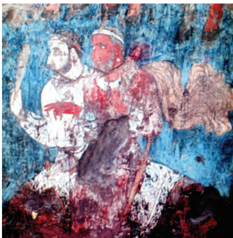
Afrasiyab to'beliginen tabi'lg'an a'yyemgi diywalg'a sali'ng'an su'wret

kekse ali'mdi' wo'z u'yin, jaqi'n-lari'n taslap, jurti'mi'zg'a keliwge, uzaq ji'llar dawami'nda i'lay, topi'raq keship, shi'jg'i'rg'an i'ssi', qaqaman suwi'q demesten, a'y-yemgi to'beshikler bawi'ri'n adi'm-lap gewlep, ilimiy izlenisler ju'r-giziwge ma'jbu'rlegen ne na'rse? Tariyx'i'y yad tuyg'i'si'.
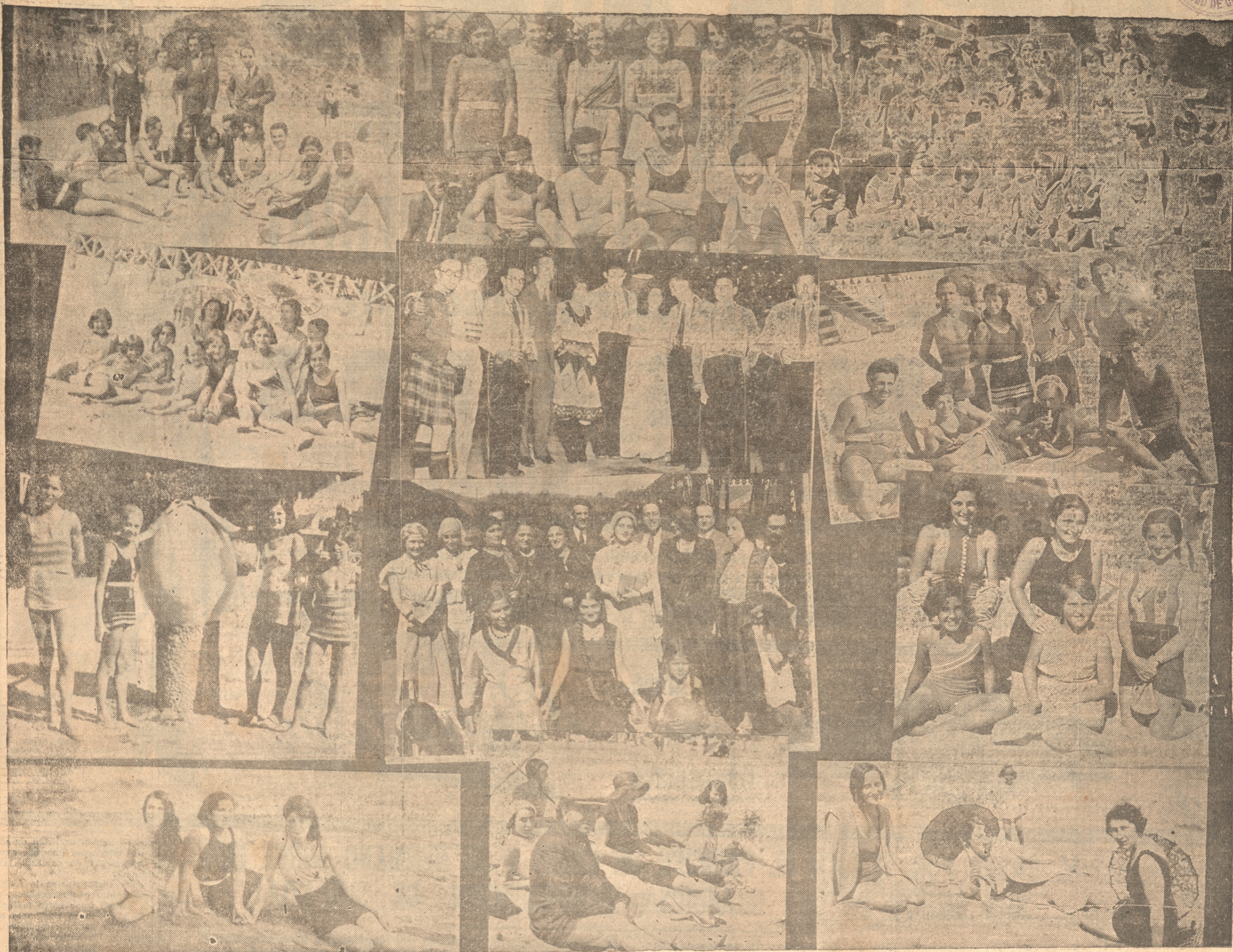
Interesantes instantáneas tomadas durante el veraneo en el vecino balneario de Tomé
--
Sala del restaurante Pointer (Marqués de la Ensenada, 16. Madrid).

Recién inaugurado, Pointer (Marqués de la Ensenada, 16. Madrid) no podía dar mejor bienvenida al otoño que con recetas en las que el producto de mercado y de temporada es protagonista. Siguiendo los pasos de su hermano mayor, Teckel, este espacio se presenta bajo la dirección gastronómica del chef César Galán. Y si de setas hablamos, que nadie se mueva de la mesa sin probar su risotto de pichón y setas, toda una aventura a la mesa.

_WHAT THE TASK REQUIRES_
If a picture sits between the line containing "kekse ali'mdi' wo'z" and the line containing "Interesantes instantáneas tomadas", leave it out, and return the lines of that range above exactly, both ends included.

_ANSWER TO THIS PROBLEM_
kekse ali'mdi' wo'z u'yin, jaqi'n-lari'n taslap, jurti'mi'zg'a keliwge, uzaq ji'llar dawami'nda i'lay, topi'raq keship, shi'jg'i'rg'an i'ssi', qaqaman suwi'q demesten, a'y-yemgi to'beshikler bawi'ri'n adi'm-lap gewlep, ilimiy izlenisler ju'r-giziwge ma'jbu'rlegen ne na'rse? Tariyx'i'y yad tuyg'i'si'.
Interesantes instantáneas tomadas durante el veraneo en el vecino balneario de Tomé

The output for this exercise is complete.